* Dataset content
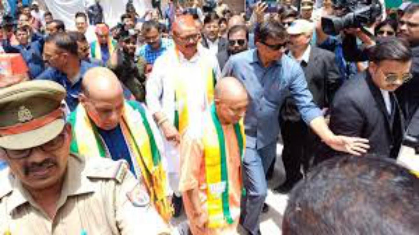 नई दिल्ली। केंद्रीय रक्षा मंत्री और लखनऊ लोकसभा सीट से बीजेपी उम्मीदवार राजनाथ सिंह ने सोमवार को अपना नामांकन पत्र दाखिल किया। इस दौरान यूपी के सीएम योगी आदित्यनाथ, उत्तराखंड के सीएम पुष्कर सिंह धामी भी मौजूद रहे। इससे पहले राजनाथ सिंह ने सीएम योगी, यूपी के डिप्टी सीएम ब्रजेश पाठक और अन्य बीजेपी नेताओं के साथ रोड शो किया।
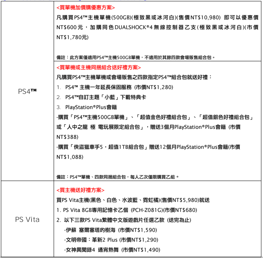 【2016台北國際電玩展 PlayStation®主機優惠方案】
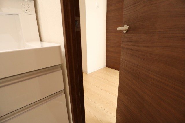キッチンと反対の壁面には洗面室の扉、そこから壁をはさんで洗濯機置場が設置されています。アンティーク調の扉がオシャレです。
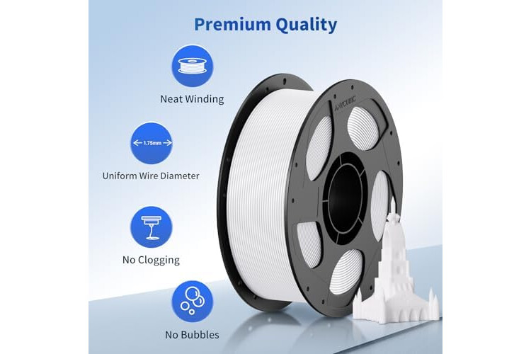 【Neat Spool & Premium Quality】 The 3D Printing PLA filament was neat on the roll and easily left the spool without crossing turns. Resulting in less thread pulling and twisting, no clogging, and super under-extruding. It produces the cleanest, least stringing prints of any of the filaments you have used while resisting warp...
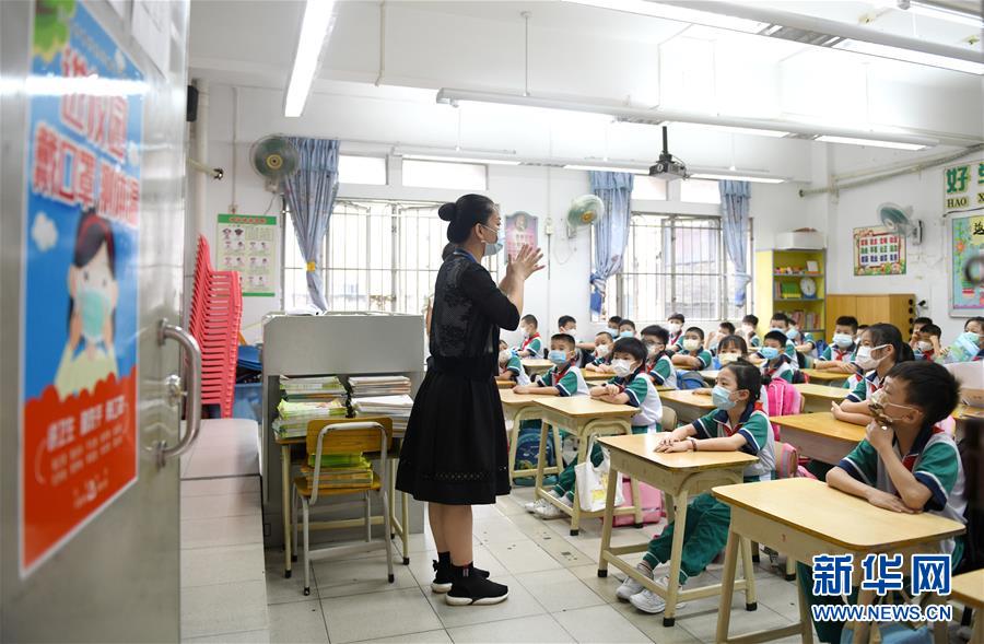 5月25日,廣州市荔灣區蔣光鼐紀念小學的老師在教學生防疫知識。當日,廣州市各小學一至三年級學生正式開學復課。至此,廣州市中小學各年級已全部開學復課。新華社記者盧漢欣攝

* Problem to solve
Transcribe all the records above word for word, without their images.

* Task result
 नई दिल्ली। केंद्रीय रक्षा मंत्री और लखनऊ लोकसभा सीट से बीजेपी उम्मीदवार राजनाथ सिंह ने सोमवार को अपना नामांकन पत्र दाखिल किया। इस दौरान यूपी के सीएम योगी आदित्यनाथ, उत्तराखंड के सीएम पुष्कर सिंह धामी भी मौजूद रहे। इससे पहले राजनाथ सिंह ने सीएम योगी, यूपी के डिप्टी सीएम ब्रजेश पाठक और अन्य बीजेपी नेताओं के साथ रोड शो किया।
 【2016台北國際電玩展 PlayStation®主機優惠方案】
キッチンと反対の壁面には洗面室の扉、そこから壁をはさんで洗濯機置場が設置されています。アンティーク調の扉がオシャレです。
 【Neat Spool & Premium Quality】 The 3D Printing PLA filament was neat on the roll and easily left the spool without crossing turns. Resulting in less thread pulling and twisting, no clogging, and super under-extruding. It produces the cleanest, least stringing prints of any of the filaments you have used while resisting warp...
 5月25日,廣州市荔灣區蔣光鼐紀念小學的老師在教學生防疫知識。當日,廣州市各小學一至三年級學生正式開學復課。至此,廣州市中小學各年級已全部開學復課。新華社記者盧漢欣攝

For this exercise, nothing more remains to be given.